Pasado el suficiente tiempo, además, las diferencias se harían cada vez más grandes, y no menos. Lo que podría empezar siendo una diferencia como la que existe entre los europeos y los sentineleses, tanto a nivel cognitivo como a nivel tecnológico y de dominio (o de posibilidades de dominio, es decir, de poder) acabaría siendo una diferencia más parecida a la que puede existir, como decía antes, entre los humanos por un lado y los cerdos, los perros, los caballos o los gatos por el otro.
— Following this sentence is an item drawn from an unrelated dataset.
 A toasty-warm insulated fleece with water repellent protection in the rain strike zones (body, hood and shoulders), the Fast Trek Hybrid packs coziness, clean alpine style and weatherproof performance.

De este modo, la especie entera (me refiero esta vez a la especie Homo sapiens, a la que de momento pertenecemos todos nosotros) podría ser literalmente pastoreada, o en cualquier caso explotada económicamente como un mero recurso, como nosotros explotamos ahora a las vacas o los cerdos, por un grupo de neohumanos o posthumanos relativamente pequeño en comparación. Por supuesto, esta explotación económica no tiene por qué manifestarse de una forma tan obvia como criar humanos en granjas para luego sacrificarlos y descuartizarlos, o extraer de ellos mecánicamente fluidos como la leche materna para el consumo de la especie tecnológicamente superior. Tal vez se les pueda tener en libertad, como gallinas de corral, y extraer de ellos un recurso que ellos ni siquiera sientan como una pérdida; más aún, lo ideal sería que incluso lo cediesen voluntariamente (¿la atención, tal vez? ¿la energía invertida en una actividad placentera? ¿qué tal hacer clic en distintas pantallas de colores?). Free-range humans.
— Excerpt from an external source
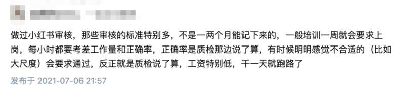 “小红书审核标准特别多,每小时都要考察工作量和正确率”(图源知乎)

Pero estos derroteros me llevan más allá de lo que quería decir por ahora. La cosa es que esto no es ciencia ficción: es un futuro perfectamente posible dado el curso actual de las cosas. Es, incluso (al menos esta última parte) más bien un presente ya en marcha, y cada vez más en marcha, que un futuro por venir. Súmale que la élite económica ya no sea «solo» una élite económica, sino también una élite genética con una distancia frente al resto de la humanidad análoga a la que existe entre el humano medio y el chimpancé medio (o incluso más) y todo sueño utópico de igualdad y fraternidad planetaria se vuelve absolutamente inviable. A los ricos al menos se les podría –teóricamente– matar (por lo menos aún sigue siendo posible, aunque cada vez más y más inviable), pero a una raza de superhombres de dos metros y medio, 140 de coeficiente intelectual y resistentes a la mayoría de enfermedades conocidas ya no.
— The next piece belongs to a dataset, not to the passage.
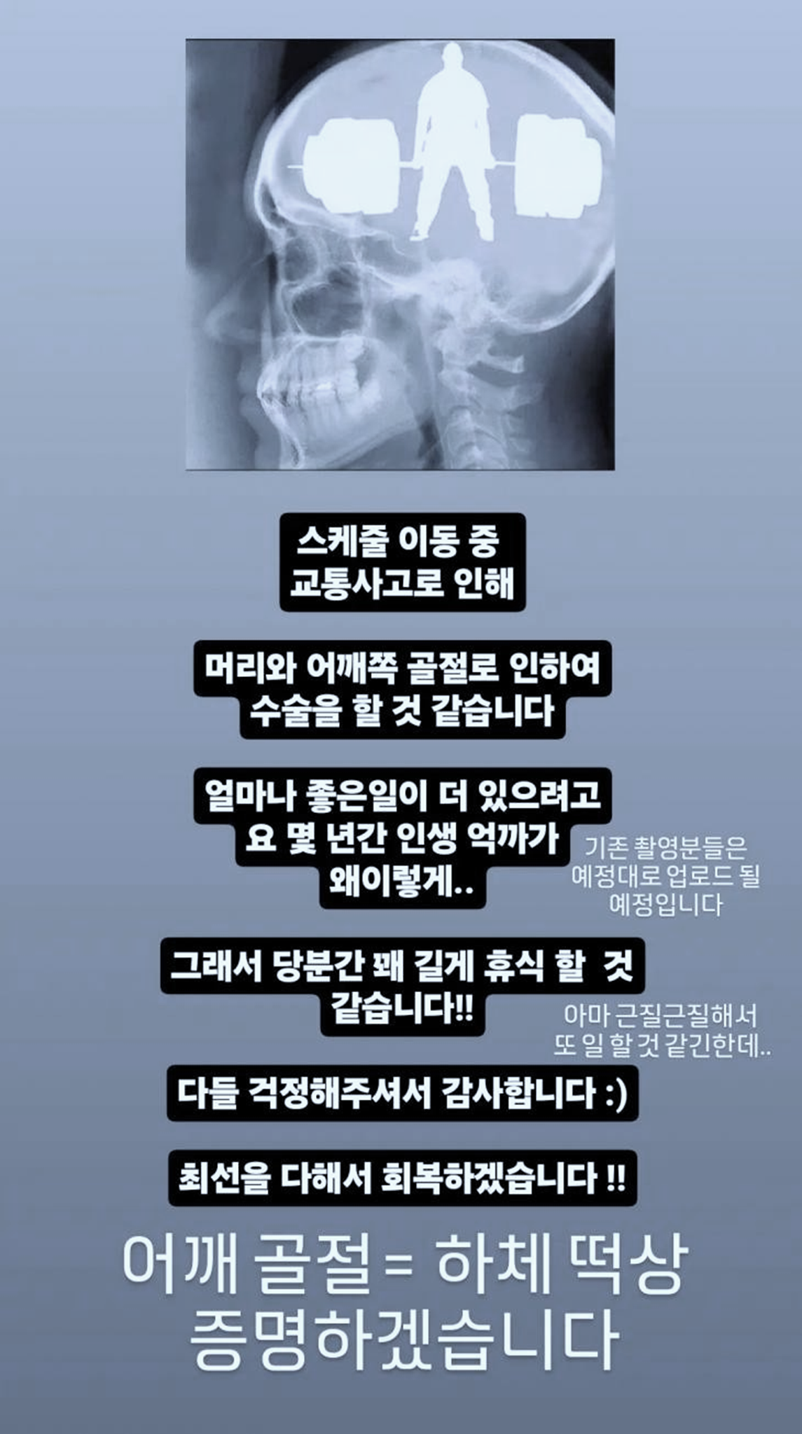 유튜버 및 방송인으로 활발하게 활동 중인 김계란은 6월 8일 개인 계정을 통해 "스케줄 이동 중 교통사고로 인해 머리와 어깨 쪽 골절로 인해 수술을 할 것 같다"라고 공지했습니다

Frente a esa posibilidad tan real y tan a las puertas, que gobierne tal partido o tal otro, o que a las mujeres les incomoden los chistes verdes de los compañeros de trabajo o a los hombres les incomode no poder ya contar chistes verdes en el trabajo, o que tal impuesto suba o baje un 3%, parecen cuestiones bastante menos acuciantes. Incluso sin llevar el pronóstico a extremos como los que he presentado aquí, simplemente que una parte de la población mundial (por ejemplo, la occidental, el primer mundo) pueda tener acceso (¡de aquí a no mucho, además!) a intervenciones biotecnológicas que prolonguen su esperanza de vida 5 o 10 años, o los hagan 5 o 10 puntos de C.I. más inteligentes de media, y otra parte no, ya es suficientemente sustancial y éticamente polémico como para eclipsar los rifirrafes de la política local del momento: que si uno ha dicho esto, que si el otro ha dicho lo otro, que si tal partido es más corrupto, que si el otro, etc. No está mal ocuparse de esas cosas, ni mucho menos: son batallas que poco a poco van conformando el mundo y sin duda no es irrelevante qué bando las gane. Lucha por el tuyo si quieres y en la medida que quieras. Pero frente a los cambios tan profundos y radicales que están por venir, o que podrían venir según lo que hagamos con ciertas tecnologías (o, más bien, según lo que hagan los que las tienen), nuestra pequeña política del momento queda puesta en perspectiva, relativizada, reenfocada: enmarcada en un todo más grande y más a largo plazo. Piensa, pues, en grande y a largo plazo. Enciende las luces largas.